Agora a hora é parecida, mas mais preocupante. Na quarta feira à noite o cronista, e ninguém, sabe o que estará acontecendo no Brasil na sexta de manhã. Sob os olhos do mundo vivemos a bizarra contestação das eleições nas estradas com bandos que se insurgem contra a vontade da maioria da população brasileira, numa espécie de simulacro tosco de “resistencia civil” estimulada pelo perdedor, como um Trump de araque. A barbárie quer se impor à civilização no grito, com uma minoria organizada de caminhoneiros certamente financiados pelos interessados na desordem.

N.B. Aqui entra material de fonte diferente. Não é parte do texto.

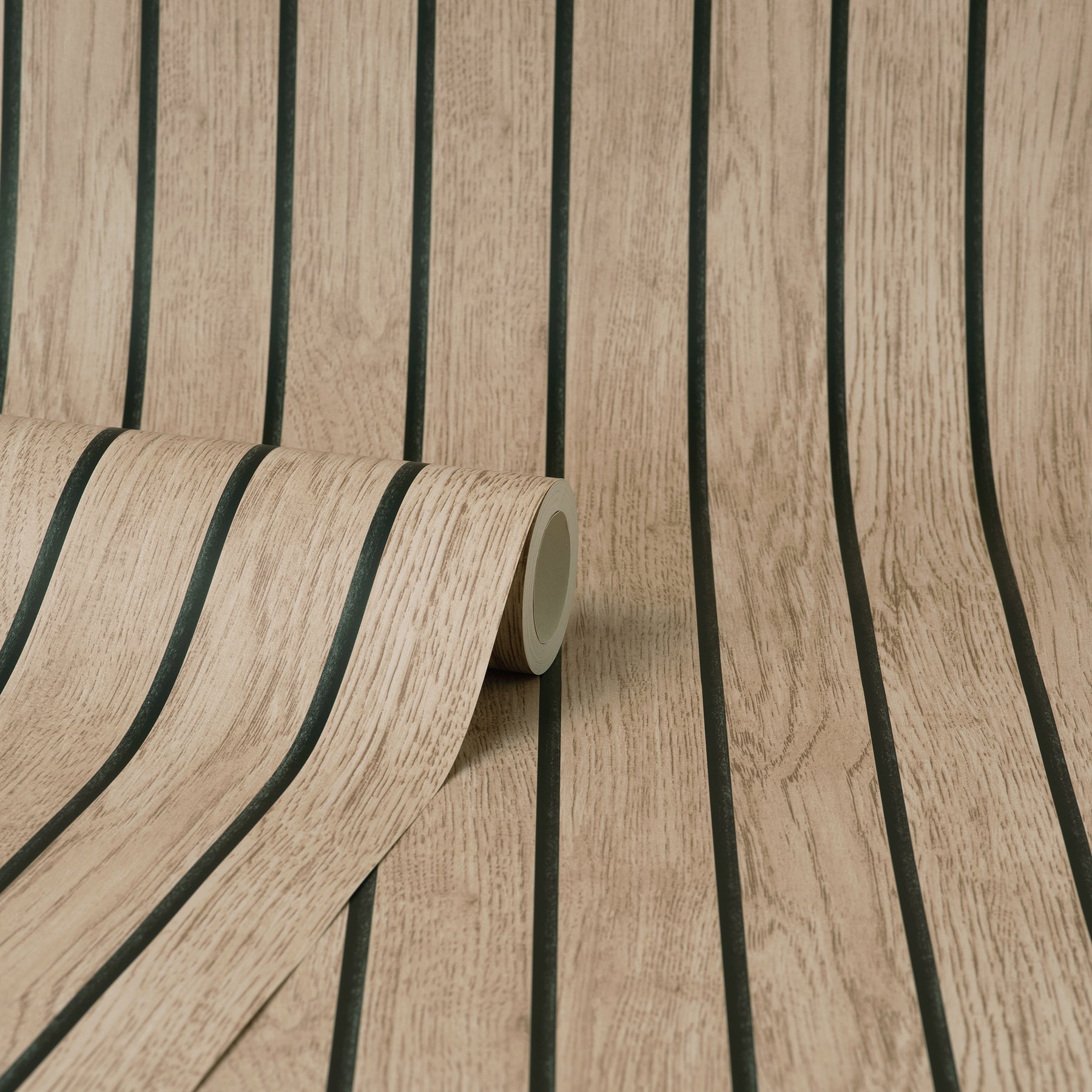 Use:Create a wood accent wall with ease using this wallpaper. The design perfectly mimics the appeal of thin, oaken slats. Seen here in a warm, medium brown with black accents. Manolo is an unpasted, non woven wallpaper measuring 20.5 inches wide by 33 feet long, covering approximately 56.4 square feet per roll. Unpasted non woven material; 20.9-in repeat, drop match; Washable and strippable; 20.5-in by 33-ft long roll; Covers about 56.4 square feet

Na segunda feira comecei a escrever uma crônica sobre a celebração da vitória e a pacificação do país. Começava assim:
“No fim do pesadelo e inicio da concórdia, é grande a tentação de tripudiar sobre quem vilipendiou nossos sonhos e ameaçou nossas instituições com a força bruta da ignorância e da ambição, com quem desrespeitou nossas mulheres, nossos mortos, tentou destruir nossa cultura e nossa liberdade. O grito preso e o desabafo viraram milhões de memes e piadas que fizeram o Brasil gargalhar com a derrota de Bolsonaro. O ridículo fere mais do que ofensas e xingamentos.”
Mas o pesadelo continua nas ruas e nas estradas, usurpando os símbolos nacionais e clamando por golpe de Estado e ditadura militar, enquanto se comemora a volta da ciência, da arte e da cultura, da linguagem civilizada, do respeito às minorias, ao meio ambiente, às instituições democráticas e ao Estado de Direito, da Terra voltar a ser redonda. A Alvorada nasce no Palácio das Trevas.